For the sixth straight year, we’re taking a look back at everyone that played for the St. Louis Cardinals this season. Whether they were a major contributor or a bit player, here all year or for just a little while, we’ll look at their season and talk about what went right and what went wrong. The stat line listed is just their time in St. Louis, though splits and other numbers in the discussion may be for the entire year. Imagine this as them stopping by Mike Matheny‘s office for a little review on their way home for the winter. As always when you see incredible artistry in the blogs, all credit for the header work goes to @cardinalsgifs.
Player: Kevin Siegrist
Season stats: 1-1, 1 SV, 4.98 ERA, 39 games, 34.1 IP, 35 H, 20 BB, 36 K, 1.602 WHIP, 4.41 FIP, -0.1 bWAR
Overall grade: D
Positives: Went 11 appearances from April 25 to May 19 without being charged with a run….also was scoreless his first six outings after returning from a stint on the disabled list….limited hitters to a .230 average on the road….batters hit .233 against him in the second half….batters had a .676 OPS on the first pitch….the first batter he faced hit .175….with two outs and runners in scoring position, batters had a .235/.409/.294 line….had a .656 OPS against in high leverage situations….had a 3.86 ERA on one days’ rest….the Cubs hit .071 in 15 plate appearances against him.

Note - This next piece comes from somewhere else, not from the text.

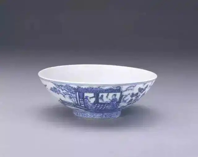 明宣德(1426—1435年)一朝虽仅有短暂的十年,但由于这期间没有大的天灾人祸,加之宣德帝治国有方,社会处于相对安定状态。宣德官窑青花瓷器中有一部分碗、高足碗等以仕女游园作为装饰题材,在明代官窑瓷器中可谓独具特色。所绘仕女均身材修长,体态纤柔,着重刻画人物恬淡闲适的心情,画面如人间仙境,给人以优雅唯美之视觉感受,堪称当时太平社会的真实写照。

Negatives: Was waived at the end of August after returning from another DL stint….his BB/9 rate was the highest of his career….hit H/9 rate was second highest in his career….lefties had an .828 OPS against him….had a 5.71 ERA away from Busch Stadium….had a 7.56 ERA in April….batters hitting first in the lineup had a 1.186 OPS against him….had a 1.063 OPS against if the batter was ahead….batters hit .314 with a .907 OPS when there were two outs in the inning….had a .313/.452/.458 line with runners in scoring position….had a 6.48 ERA appearing on zero days’ rest….had a 5.63 ERA in day games.
Overview: You could make the argument that Siegrist wasn’t quite the same after pitching 81 games in 2015. Last year’s numbers seemed pretty solid but there was a significant dropoff in K/9 and a marked jump in home runs then. This season, it all fell apart for Siegrist. Maybe it would have done that anyway. After all, the shelf life of relievers–no matter how they are used–is pretty short. You have to figure that pitching every other day (on average) is going to have some lasting effects, though. Whatever the reason, Siegrist just couldn’t be trusted much this season. The walks were very high and four homers in 34 innings was a similar pace to last year’s work. He didn’t even have that reverse split thing going for him (not that he was ever deployed in that way, always coming in for lefties if he wasn’t starting an inning) as both sides of the plate were pretty rough on him. That is, when the injury bug wasn’t keeping him sidelined.
Outlook: You have to appreciate what Siegrist brought to the team and you hope that he’ll have some success in Philadelphia or wherever he winds up if the Phillies don’t keep him. It’s possible that he could have a few more years bouncing around the league, especially since he’s a lefty, but since he’s never been really great at shutting down lefties, that might not give him the boost it does other pitchers. We’ll see, of course, but there’s a strong chance his best days are already behind him, which you hate to say about a guy that just finished his Age 27 season.